We're especially excited about the launch of this product due to its unique package design a pending million-user flavor and strong activation by our sales teams and our Coca-Cola bottling partners. We will be launching various Monster Energy strategic brands and affordable brand products in additional markets in EMEA throughout the rest of 2025, including the rollout of Monster Energy [ Valentino Rossi Zero ] Sugar in a number of countries.
Turning to Asia Pacific. Net sales in Asia Pacific in the 2025 second quarter increased 11.6%, both in dollars and on a currency-neutral basis over the same period in 2024. Gross profit in this region as a percentage of net sales for the 2025 second quarter was 41.0% versus 45.4% in the same period in 2024.

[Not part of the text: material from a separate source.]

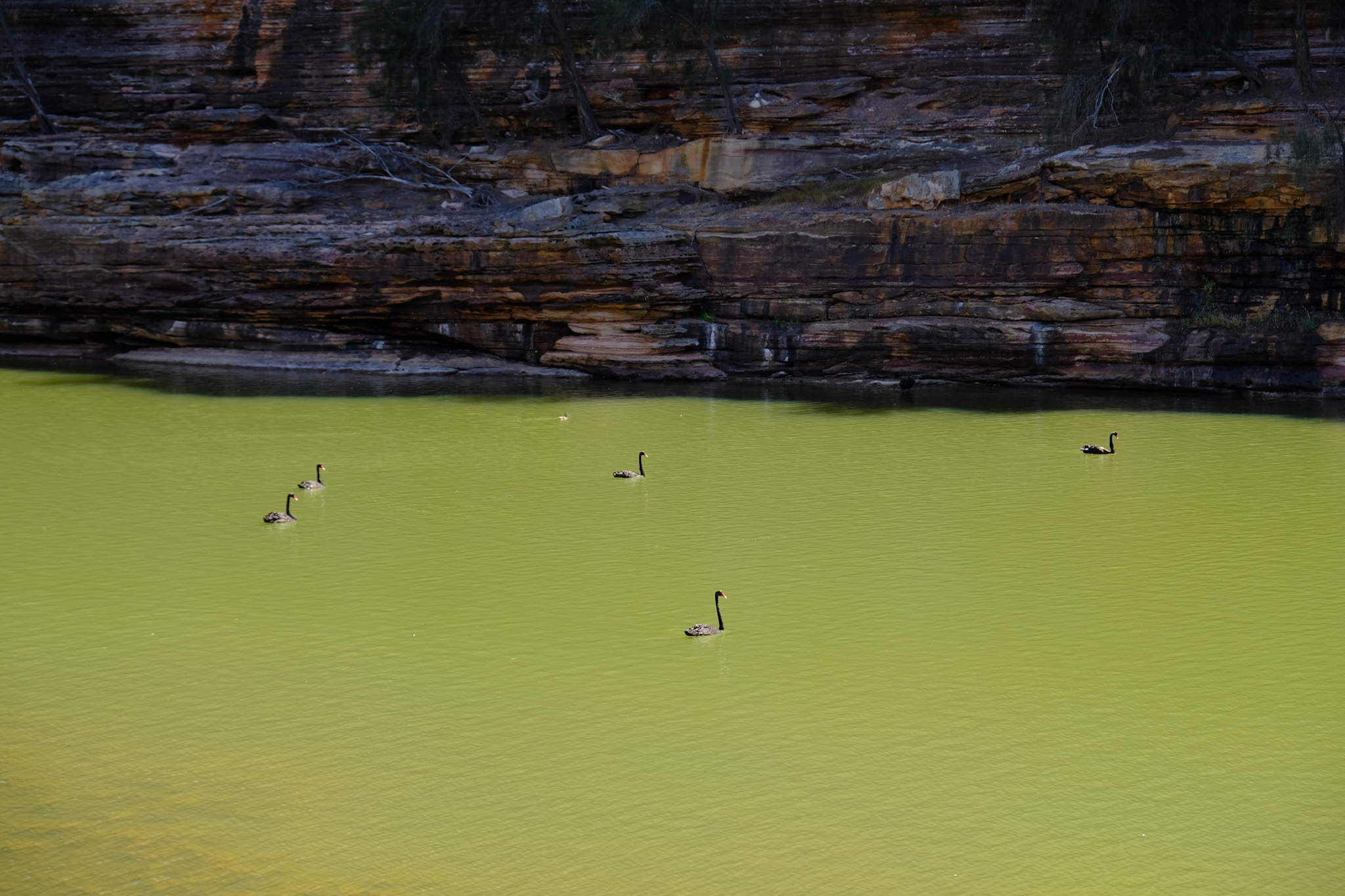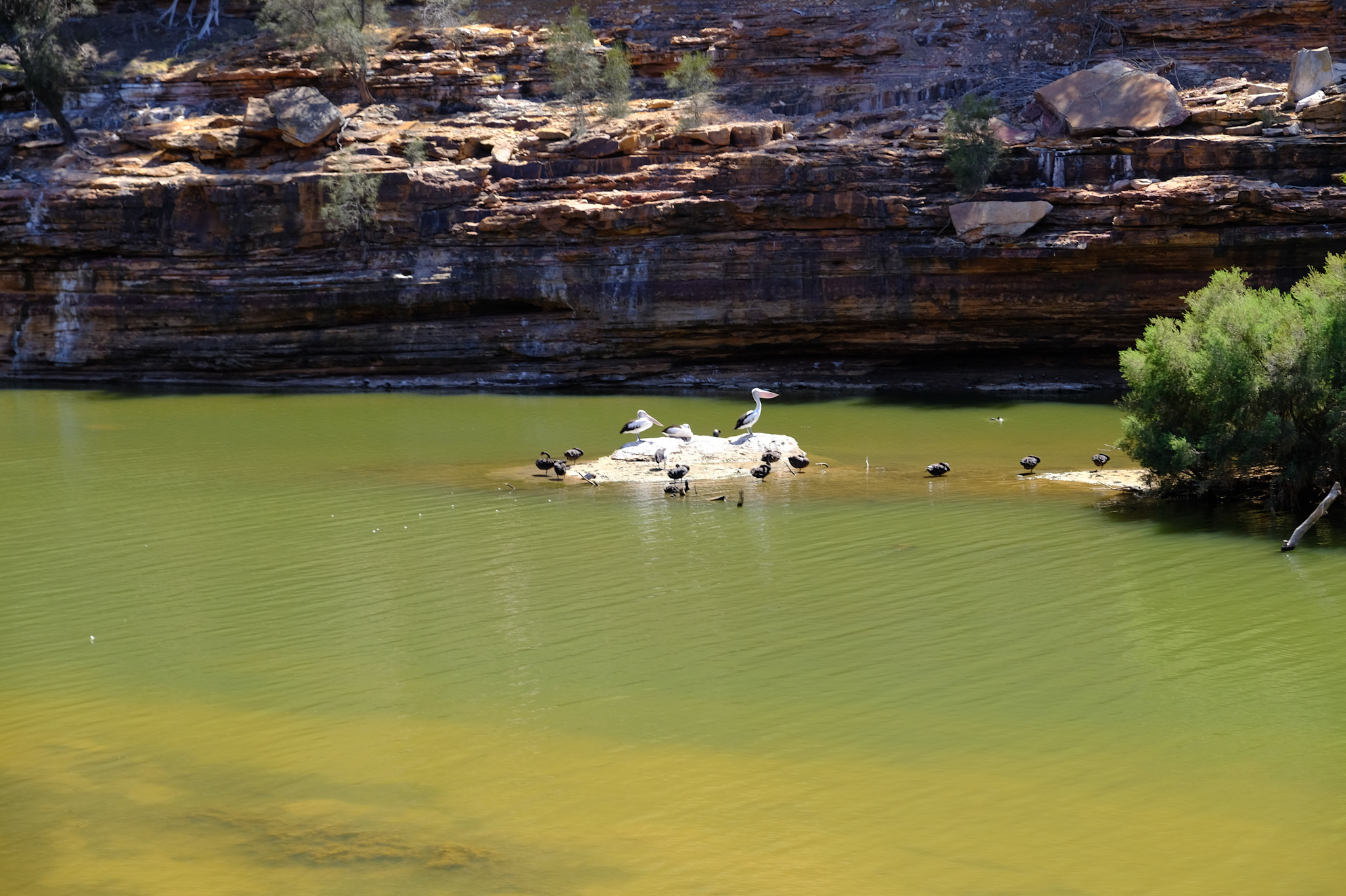 Nach dem felsigen Teilstück kommt dann eine sandige Strecke, welche durch Bäume und Büsche gesäumt wird. Im recht breiten Fluss sind zwei Inseln, und auf einer kleinen Insel sitzen tatsächlich mehrere Pelikane. Enten, Schlangenhalsreiher und schwarze Schwäne schwimmen im Fluss. Das ist schon fast ein surreales Bild, hier Pelikane (etwa 30km von der Küste entfernt) und schwarze Schwäne anzutreffen.

The decrease in gross profit margins as a percentage of net sales was primarily the result of higher promotional allowances and geographic sales mix. Net sales in Japan in the 2025 second quarter increased 6.1% in dollars and increased 1% on a currency-neutral basis. We are planning to launch 2 SKUs of rainstorm in Japan in the 2025 third quarter.

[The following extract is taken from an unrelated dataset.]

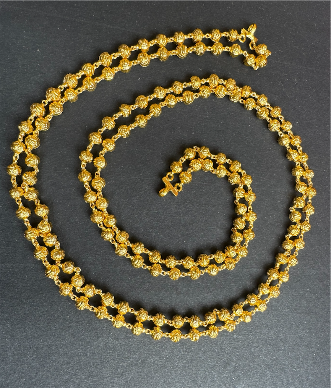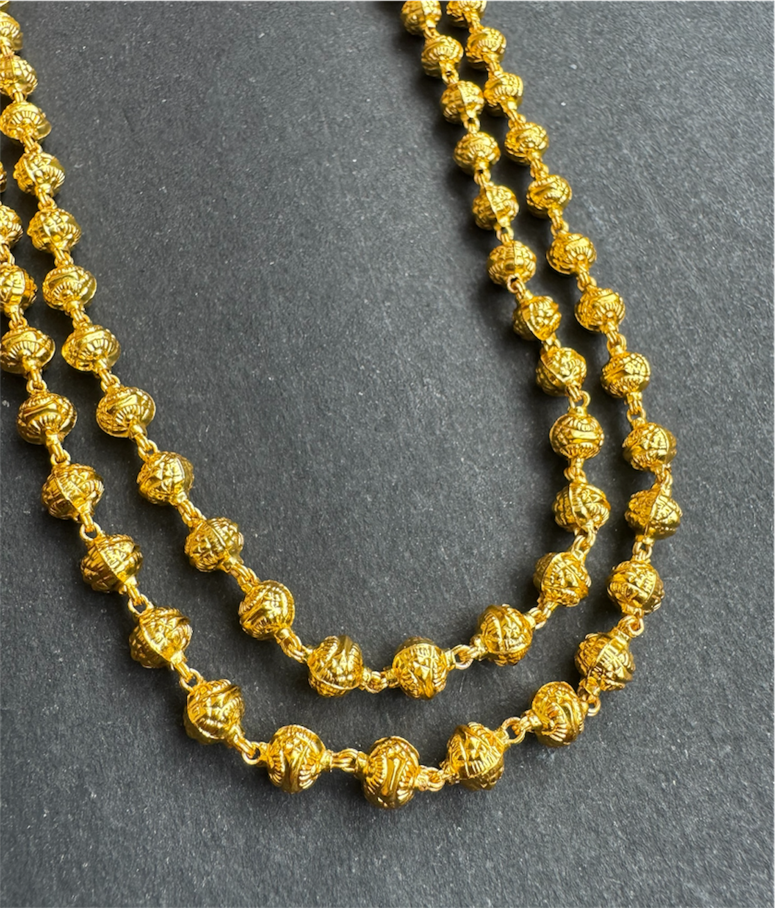 The beads are meticulously handwoven using fine silver wire and finished with a rich 24 karat gold dip, lending the chain a warm, heirloom-like glow reminiscent of classic temple jewellery. Graceful yet understated, the Mohanmala is designed to be worn on its own to effortlessly elevate any ensemble, or paired with pendants from our collection to create a more ornate and statement-worthy look.

Net sales in South Korea in the 2025 second quarter increased 22.4% in dollars and increased 28.9% on a currency-neutral basis as compared to the same quarter in 2024. Net sales in China in the 2025 second quarter increased 19.5% in dollars and increased 20.2% on a currency-neutral basis as compared to the same quarter in 2024.
Net sales in India in the 2025 second quarter increased 12.4% in dollars and increased 16.0% on a currency-neutral basis as compared to the same quarter in 2024. During the second quarter, sales growth of the Monster Energy brand remained solid, [ repetitor ] growing meaningfully ahead of the energy drink category in part reflecting its ongoing rollout into new markets and increased production capacity with the Coca-Cola bottlers in India.
Overall, we remain optimistic about the long-term prospects for our brands in Asia Pacific and are excited about the incremental expansion of our affordable brands in China and India. In Oceania, which includes Australia, New Zealand, Tahiti, French Polynesia, New Caledonia, Papua New Guinea and Guam, net sales increased 8.3% in dollars and increased 11.9% on a currency-neutral basis.
Turning to Latin America and the Caribbean. Net sales in Latin America, including Mexico and the Caribbean, in the 2025 second quarter decreased 7.8% in dollars and increased 1.7% on a currency-neutral basis over the same period in 2024.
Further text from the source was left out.